The metal layer copper interconnect ensures low delay of data transmission.
In some embodiments, referring to fig. 2, in a single processor unit 11, memory Controller (MC) nodes 113 are disposed around the processor node 111, and the processor node 111 performs data interaction with four-directional register groups 112 through the four-directional Memory controller nodes 113, respectively.
In some embodiments, referring to FIG. 3, in a single processor unit 11, processor node 111 is connected to memory controller node 113 through a metal layer copper interconnect, and memory controller node 113 is connected to register group 112 through a metal layer copper interconnect.
In the adjacent processor unit 11, the adjacent two register groups 112 are connected by metal layer copper interconnection.
In some embodiments, the processor node 111 includes a central processor (Central Processing Unit, CPU), a graphics processor (Graphics Processing Unit, GPU), a tensor processor (Tensor Processing Unit, TPU), a processor-dispersed processor (Data Processing Unit, DPU), an intelligent processor (Image Processing Unit, IPU), or a neural network processor (Neural-network Processing Unit, NPU).
Therefore, the CPPA mainly comprising a many-core CPU/GPU/TPU/DPU/IPU/NPU core layer and a plurality of DRAM layers can be constructed by adopting the three-dimensional stacking technology.
In some embodiments, the processor array 1 projection coincides completely with the upper dynamic random access memory layer 2 area.
In some embodiments, referring to FIG. 3, processor node 111 is coupled to DRAM layer 2 through register bank 112.
In some embodiments, the register file 112 is connected to the DRAM layer 2 via a metal layer copper interconnect.
Specifically, when the dram layer 2 is a plurality of layers of the dram 21, the register group 112 is distributed and connected with the dram 21 of each layer through the metal layer copper interconnection.
In some embodiments, in order to achieve decentralization between processor nodes, in the memory space of the upper DRAM, there is an independent memory space within the dynamic random access memory layer 2 that belongs to each processor node 111. The independent storage space is controlled and allocated by a local memory management circuit of the processor node.
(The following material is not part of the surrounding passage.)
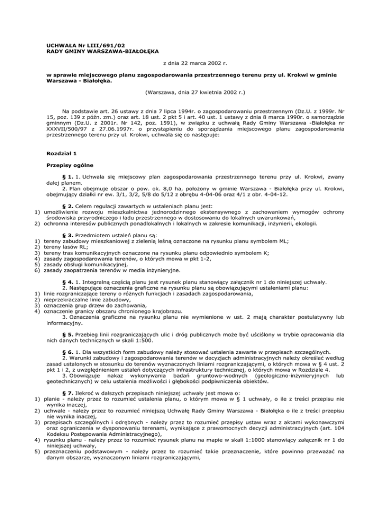 UCHWAŁA Nr LIII/691/02 RADY GMINY WARSZAWA-BIAŁOŁĘKA z dnia 22 marca 2002 r. w sprawie miejscowego planu zagospodarowania przestrzennego terenu przy ul. Krokwi w gminie Warszawa - Białołęka. (Warszawa, dnia 27 kwietnia 2002 r.) Na podstawie art. 26 ustawy z dnia 7 lipca 1994r. o zagospodarowaniu przestrzennym (Dz.U. z 1999r. Nr 15, poz. 139 z późn. zm.) oraz art. 18 ust. 2 pkt 5 i art. 40 ust. 1 ustawy z dnia 8 marca 1990r. o samorządzie gminnym (Dz.U. z 2001r. Nr 142, poz. 1591), w związku z uchwałą Rady Gminy Warszawa -Białołęka nr XXXVII/500/97 z 27.06.1997r. o przystąpieniu do sporządzania miejscowego planu zagospodarowania przestrzennego terenu przy ul. Krokwi, uchwala się co następuje: Rozdział 1 Przepisy ogólne § 1. 1. Uchwala się miejscowy plan zagospodarowania przestrzennego terenu przy ul. Krokwi, zwany dalej planem. 2. Plan obejmuje obszar o pow. ok. 8,0 ha, połoŜony w gminie Warszawa - Białołęka przy ul. Krokwi, obejmujący działki nr ew. 3/1, 3/2, 5/8 do 5/12 z obrębu 4-04-06 oraz 4/1 z obr. 4-04-12. § 2. Celem regulacji zawartych w ustaleniach planu jest: 1) umoŜliwienie rozwoju mieszkalnictwa jednorodzinnego ekstensywnego z zachowaniem wymogów ochrony środowiska przyrodniczego i ładu przestrzennego w dostosowaniu do lokalnych uwarunkowań, 2) ochronna interesów publicznych ponadlokalnych i lokalnych w zakresie komunikacji, inŜynierii, ekologii. 1) 2) 3) 4) 5) 6) 1) 2) 3) 4) § 3. Przedmiotem ustaleń planu są: tereny zabudowy mieszkaniowej z zielenią leśną oznaczone na rysunku planu symbolem ML; tereny lasów RL; tereny tras komunikacyjnych oznaczone na rysunku planu odpowiednio symbolem K; zasady zagospodarowania terenów, o których mowa w pkt 1-2, zasady obsługi komunikacyjnej, zasady zaopatrzenia terenów w media inŜynieryjne. § 4. 1. Integralną częścią planu jest rysunek planu stanowiący załącznik nr 1 do niniejszej uchwały. 2. Następujące oznaczenia graficzne na rysunku planu są obowiązującymi ustaleniami planu: linie rozgraniczające tereny o róŜnych funkcjach i zasadach zagospodarowania, nieprzekraczalne linie zabudowy, oznaczenia grup drzew do zachowania, oznaczenie granicy obszaru chronionego krajobrazu. 3. Oznaczenia graficzne na rysunku planu nie wymienione w ust. 2 mają charakter postulatywny lub informacyjny. § 5. Przebieg linii rozgraniczających ulic i dróg publicznych moŜe być uściślony w trybie opracowania dla nich danych technicznych w skali 1:500. § 6. 1. Dla wszystkich form zabudowy naleŜy stosować ustalenia zawarte w przepisach szczególnych. 2. Warunki zabudowy i zagospodarowania terenów w decyzjach administracyjnych naleŜy określać według zasad ustalonych w stosunku do terenów wyznaczonych liniami rozgraniczającymi, o których mowa w § 4 ust. 2 pkt 1 i 2, z uwzględnieniem ustaleń dotyczących infrastruktury technicznej, o których mowa w Rozdziale 4. 3. Obowiązuje nakaz wykonywania badań gruntowo-wodnych (geologiczno-inŜynieryjnych lub geotechnicznych) w celu ustalenia moŜliwości i głębokości podpiwniczenia obiektów. § 7. Ilekroć w dalszych przepisach niniejszej uchwały jest mowa o: 1) planie - naleŜy przez to rozumieć ustalenia planu, o którym mowa w § 1 uchwały, o ile z treści przepisu nie wynika inaczej, 2) uchwale - naleŜy przez to rozumieć niniejszą Uchwałę Rady Gminy Warszawa - Białołęka o ile z treści przepisu nie wynika inaczej, 3) przepisach szczególnych i odrębnych - naleŜy przez to rozumieć przepisy ustaw wraz z aktami wykonawczymi oraz ograniczenia w dysponowaniu terenami, wynikające z prawomocnych decyzji administracyjnych (art. 104 Kodeksu Postępowania Administracyjnego), 4) rysunku planu - naleŜy przez to rozumieć rysunek planu na mapie w skali 1:1000 stanowiący załącznik nr 1 do niniejszej uchwały, 5) przeznaczeniu podstawowym - naleŜy przez to rozumieć takie przeznaczenie, które powinno przewaŜać na danym obszarze, wyznaczonym liniami rozgraniczającymi, 6) przeznaczeniu dopuszczalnym - naleŜy przez to rozumieć rodzaje przeznaczenia inne niŜ podstawowe, które uzupełniają lub wzbogacają przeznaczenie podstawowe, 7) obszarze lub terenie - naleŜy przez to rozumieć obszar o określonym rodzaju przeznaczenia podstawowego, wyznaczony na rysunku planu liniami rozgraniczającymi, 8) usługach podstawowych nieuciąŜliwych - naleŜy przez to rozumieć usługi, których celem jest zaspokajanie podstawowych potrzeb miejscowej ludności, a które nie wytwarzają dóbr materialnych bezpośrednimi metodami przemysłowymi, to jest taką działalność detaliczną, jak zakłady usług bytowych np. fryzjerstwo, magiel, naprawa obuwia, naprawa sprzętu gospodarstwa domowego i elektrotechnicznego, drobne ślusarstwo, handel detaliczny itp. 9) wartościowej zieleni - naleŜy przez to rozumieć pojedyncze drzewa lub grupy drzew i krzewów wskazane do zachowania po przeprowadzeniu inwentaryzacji zieleni wraz z jej waloryzacją, objęte ochroną w rozumieniu przepisów o ochronie środowiska, 10) powierzchni biologicznie czynnej - naleŜy przez to rozumieć część działki budowlanej, która pozostaje niezabudowana powierzchniowo lub kubaturowo w głąb gruntu, na nim oraz nad nim; nie stanowiąca nawierzchni dojazdów i dojść pieszych, pokryta trwałą roślinnością lub uŜytkowana rolniczo, 11) planie ogólnym Warszawy - naleŜy rozumieć przez to tekst i rysunek miejscowego planu ogólnego zagospodarowania przestrzennego m.st. Warszawy, zatwierdzonego przez Radę m.st. Warszawy uchwałą nr XXXV/199/92 z dnia 28 września 1992r. 12) warszawskim obszarze chronionego krajobrazu - naleŜy przez to rozumieć obszar, na którym obowiązują ograniczenia i zakazy zgodnie z załącznikiem nr 2 do Rozporządzenia Nr 117 Wojewody Mazowieckiego z dnia 3 sierpnia 2000r. w sprawie zmiany Rozporządzenia Wojewody Warszawskiego z dnia 29 sierpnia 1997r. w sprawie utworzenia obszaru chronionego krajobrazu na terenie województwa w

In some embodiments, each processor node 111 shares all address space within dynamic random access memory layer 2 in order to achieve high-speed communication of data and strong correlation of data between the processor nodes. I.e. all processor nodes 111 have access to all addresses within the dynamic random access memory layer 2.
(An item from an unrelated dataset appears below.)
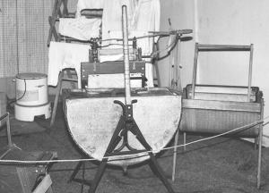 One machine is equipped with a wooden half barrel and a mechanical metal wheel, with a "dasher" inside the barrel. As you push and pull on a handle it causes the dasher to go back and forth as well as up and down.
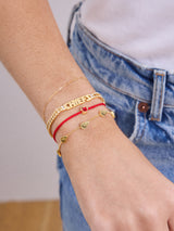 - Includes one tennis style, a corded bracelet with color-coordinating gemstone, and a gold pisa bead with repeating logos

In some embodiments, in the CPPA of the present invention, a high-efficiency NoC (network on chip) may be integrated to optimize the transfer of data between the processor node and the DRAM, supporting high-bandwidth, low-latency communications. The NoC adopts a dynamic routing algorithm to intelligently adjust the data flow direction according to the network condition and the task priority, so that the data processing parallelism is improved. The NoC architecture adopts a multi-dimensional ring or two-dimensional grid topology, so that data can be transmitted in multiple directions, and transmission bottlenecks are reduced. The dynamic routing algorithm is based on a distributed self-adaptive mechanism, collects network traffic information and task priority indexes, and dynamically plans an optimal path for data transmission by combining a first-in first-out (FIFO) queue with a priority queue management strategy. In addition, the flow control mechanism embedded in the NoC can prevent data packet collision and congestion, and further improves the fluency and efficiency of data transmission.
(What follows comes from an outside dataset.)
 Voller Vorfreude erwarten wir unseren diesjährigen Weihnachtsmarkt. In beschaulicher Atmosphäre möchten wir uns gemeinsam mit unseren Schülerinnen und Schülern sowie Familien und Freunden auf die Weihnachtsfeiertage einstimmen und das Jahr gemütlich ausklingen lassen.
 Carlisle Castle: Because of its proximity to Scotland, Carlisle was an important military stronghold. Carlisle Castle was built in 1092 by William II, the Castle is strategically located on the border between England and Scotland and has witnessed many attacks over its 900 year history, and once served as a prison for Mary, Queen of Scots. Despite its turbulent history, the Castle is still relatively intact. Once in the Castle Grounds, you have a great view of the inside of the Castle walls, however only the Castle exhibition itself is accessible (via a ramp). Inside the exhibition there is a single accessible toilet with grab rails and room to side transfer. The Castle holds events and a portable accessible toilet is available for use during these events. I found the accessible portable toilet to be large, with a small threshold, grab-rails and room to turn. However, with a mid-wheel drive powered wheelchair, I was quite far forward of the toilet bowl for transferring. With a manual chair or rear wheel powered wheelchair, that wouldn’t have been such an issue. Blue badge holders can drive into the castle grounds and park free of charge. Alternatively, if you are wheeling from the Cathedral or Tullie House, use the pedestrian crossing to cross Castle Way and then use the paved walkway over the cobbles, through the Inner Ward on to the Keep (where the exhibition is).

In some embodiments, in the CPPA of the present invention, the microarchitecture of processor nodes may be fine-grained using a Hardware Description Language (HDL) level, such as instruction sets, cache sizes, and interconnect topologies.
The present invention has been described in detail with reference to the embodiments of the drawings, and those skilled in the art can make various modifications to the invention based on the above description. Accordingly, certain details of the embodiments are not to be interpreted as limiting the invention, which is defined by the appended claims.